## Records for the task
------

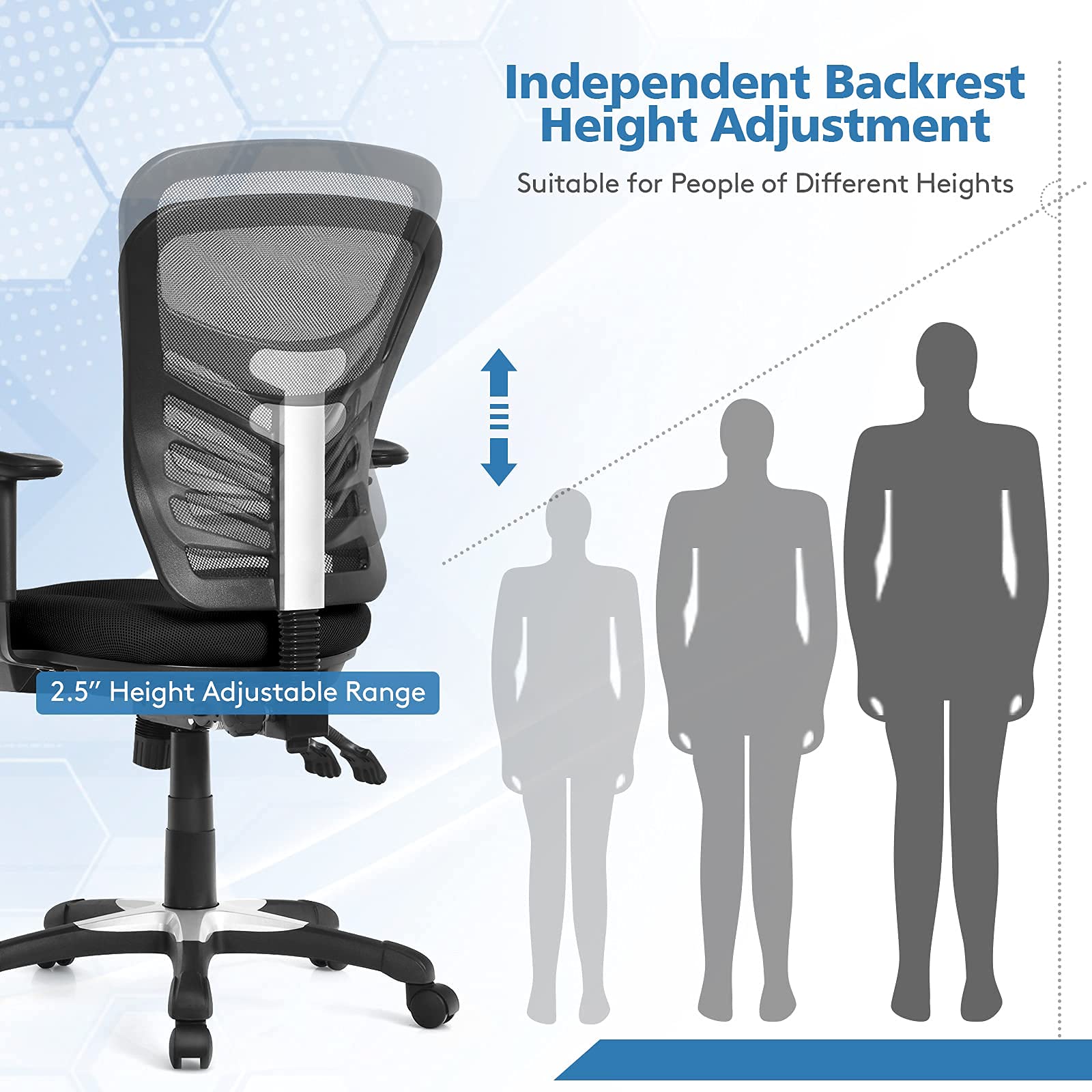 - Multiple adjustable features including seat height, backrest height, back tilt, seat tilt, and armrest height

------

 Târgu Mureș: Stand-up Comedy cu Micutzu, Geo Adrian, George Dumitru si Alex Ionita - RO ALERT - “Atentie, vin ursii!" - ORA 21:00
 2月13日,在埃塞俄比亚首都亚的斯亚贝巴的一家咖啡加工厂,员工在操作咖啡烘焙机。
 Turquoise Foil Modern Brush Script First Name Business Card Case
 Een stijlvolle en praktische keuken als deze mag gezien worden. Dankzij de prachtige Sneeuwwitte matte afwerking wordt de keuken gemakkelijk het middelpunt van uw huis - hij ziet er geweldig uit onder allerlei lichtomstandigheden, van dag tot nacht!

------

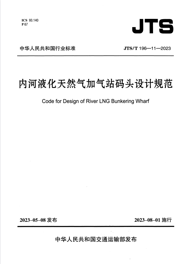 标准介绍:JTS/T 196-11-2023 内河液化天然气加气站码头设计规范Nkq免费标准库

------

An exact copy of the lines above between the line holding "2月13日,在埃塞俄比亚首都" and the line holding "Een stijlvolle en", inclusive, is the whole answer.

## Exercise answer
 2月13日,在埃塞俄比亚首都亚的斯亚贝巴的一家咖啡加工厂,员工在操作咖啡烘焙机。
 Turquoise Foil Modern Brush Script First Name Business Card Case
 Een stijlvolle en praktische keuken als deze mag gezien worden. Dankzij de prachtige Sneeuwwitte matte afwerking wordt de keuken gemakkelijk het middelpunt van uw huis - hij ziet er geweldig uit onder allerlei lichtomstandigheden, van dag tot nacht!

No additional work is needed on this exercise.